The eight-time champion won here in 2005 in his Xsara WRC, and again in 2008 in the Citroen C4.

Loeb's enjoying a healthy 30-point lead over teammate Mikko Hirvonen going into Brother Rally New Zealand, and Citroen's in a dominant position in the manufacturers' championship.

But this country's challenging roads haven't always been kind to the French driver, and last time he nearly posted a DNF after smashing into a bridge on day one.

Not one to take disadvantage lying down, Loeb put his race face on and tried to fight back. This saw him take a massive 22 seconds out of his closest rival on just one stage, and as the event neared its end, he managed to grab back the overall lead.

Then-teammate Sebastian Ogier spun, and then Loeb followed suit and frustratingly handed the lead back to Jarri-Matti Latvala.

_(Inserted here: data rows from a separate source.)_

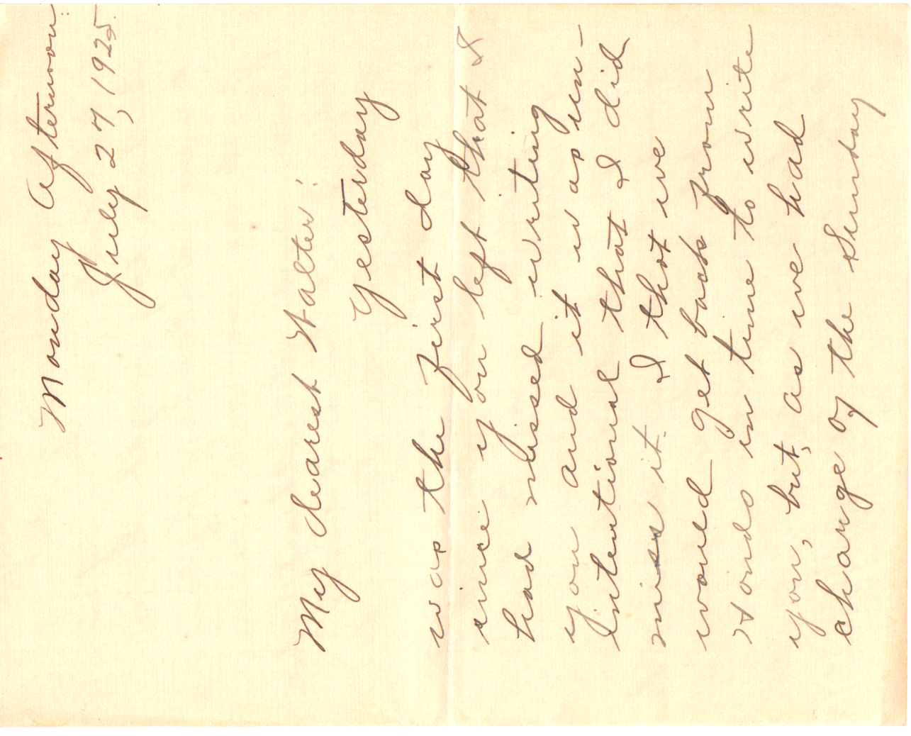 Yesterday was the first day since you left that I had missed writing you and it was unintentional that I did miss it. I thought we would get back from Hondo in time to write you, but, as we had charge of the Sunday evening church hour which lasted until about 9:30, then had quite a time getting our crowd together to come home, we did not arrive in Uvalde until 12:10. So it was no longer Sunday and I waited until later on in the day Monday to write. I love to write you every day when I can, because that is next to receiving a letter from you or being with you. You have been so good to write me even though you were awfully busy, and I surely do appreciate it too. Your Wednesday night letter came Saturday afternoon just as we were leaving town and, Sweetheart, (that’s the first time I ever called anyone that) it was such a nice, long interesting one. It made me feel so good to have it along with me.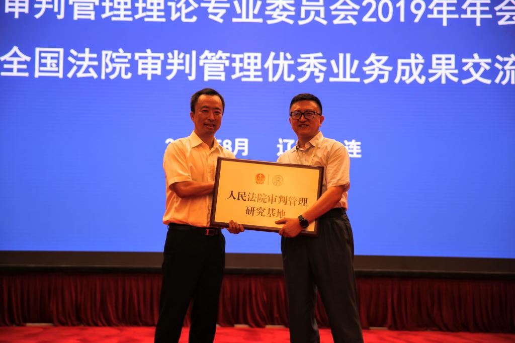 经最高人民法院批准(法政[2019]272号),最高人民法院审判管理办公室和太阳成集团tyc9728共同成立“人民法院审判管理研究基地”。2019年8月1日,“人民法院审判管理研究基地”揭牌仪式在中国法学会审判管理研究会审判管理理论专业委员会2019年年会上举行。最高人民法院审判管理办公室主任李亮和太阳成集团tyc9728经理蔡立东共同为“人民法院审判管理研究基地”揭牌。蔡立东教授在揭牌仪式后作题为《司法生态圈中的审判管理》的主题发言。这标志着最高人民法院批准的全国首家审判管理研究机构正式成立。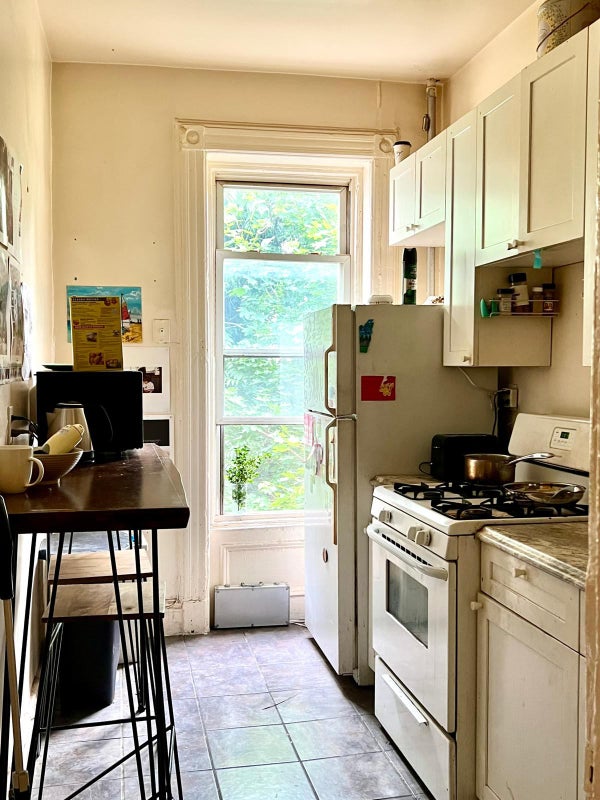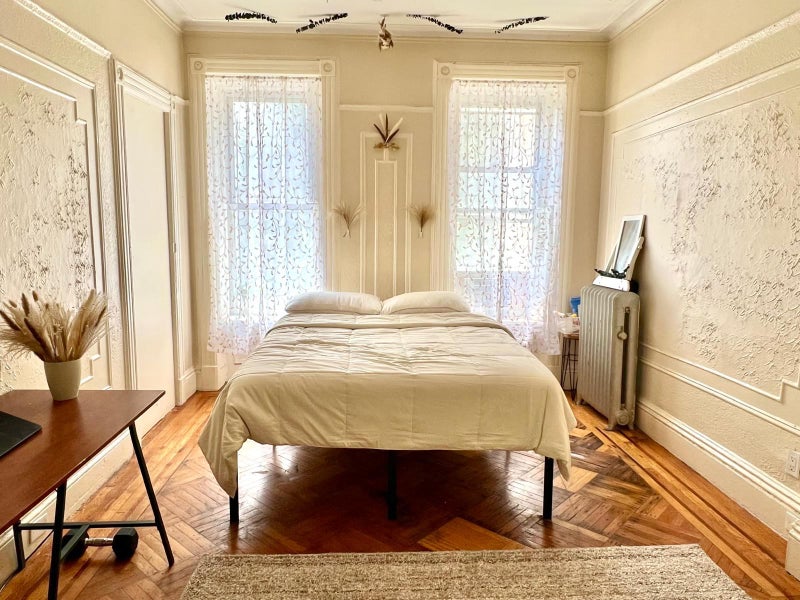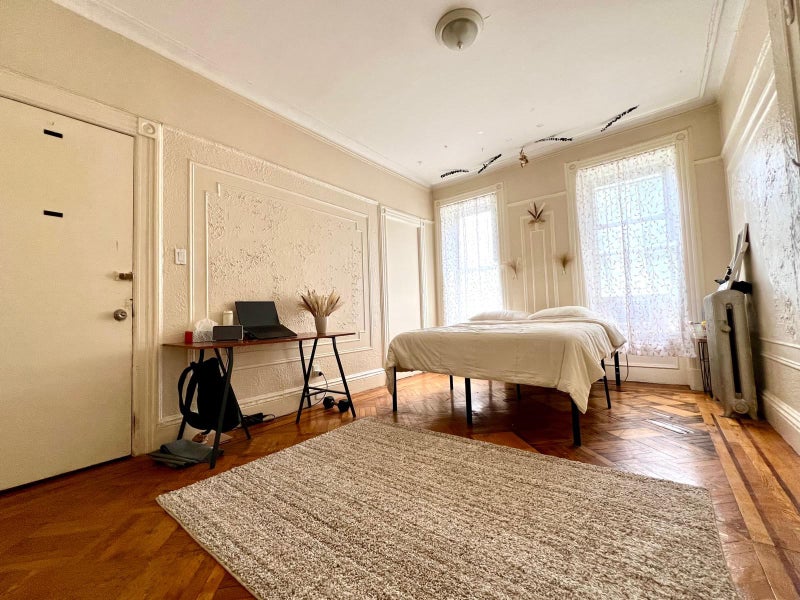 The room available is on the top level of this three-story, nine bedroom brownstone. It is a very large room, with natural light coming in through two big windows. It can be rented either furnished or unfurnished, whichever is preferred. The bathroom is shared with two other roommates, and the kitchen is shared between the three of you.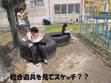 図工「たのしいこと見つけた」で,中庭や運動場に出て,日々の生活の中から楽しいことをスケッチしました。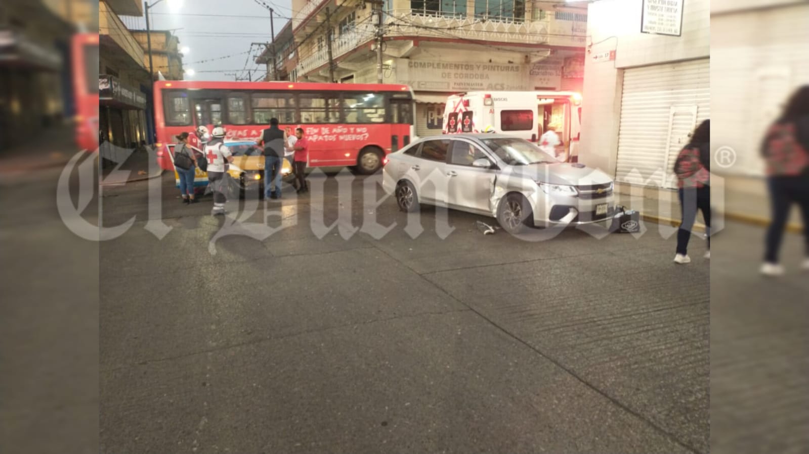 Paramédicos de la Cruz Roja atendieron al taxista y otra persona que iba de pasajera en la unidad de transporte público.
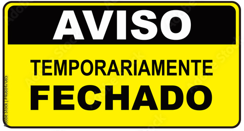 © hunterpic2013, Fototapeta premium A sign that says in Portuguese Language : NOTICE TEMPORARILY CLOSED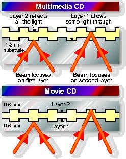 The sandwich design also stopped the original SD player from playing ordinary CDs. This is because the transparent layer over the top of any CD track plays an important role in focusing the player’s laser. In the original SD player the laser focused through one of two layers 0.6 millimetres thick. A normal CD is 1.2 millimetres thick, and a simple lens cannot cope with both thicknesses. The rival MCD discs are the same thickness as ordinary CDs, so an MCD player can focus on either high-density MCDs or ordinary CDs.

There's no denying that Loeb's on form this season, winning four of six events so far with long-time co-driver Daniel Elena - and he's a big fan of our roads.

"This rally may well be the pinnacle when it comes to driving on gravel," said Loeb.

"It's a bit like Finland -except the trees are much further back from the side of the road.

" It has often been said that it's an extremely quick course, but I think it's actually quite varied, with some really twisty sections. It is a rally where you need to be pushing all the time. If you're not giving it 100 per cent, you can see it in the times straight away.

"True enough, I have won the rally twice out of six attempts, but I have also made some mistakes here. Some when I was pushing hard, some when I had adopted a more measured pace. The speeds we reach here are such that you have to stay perfectly focused all the time."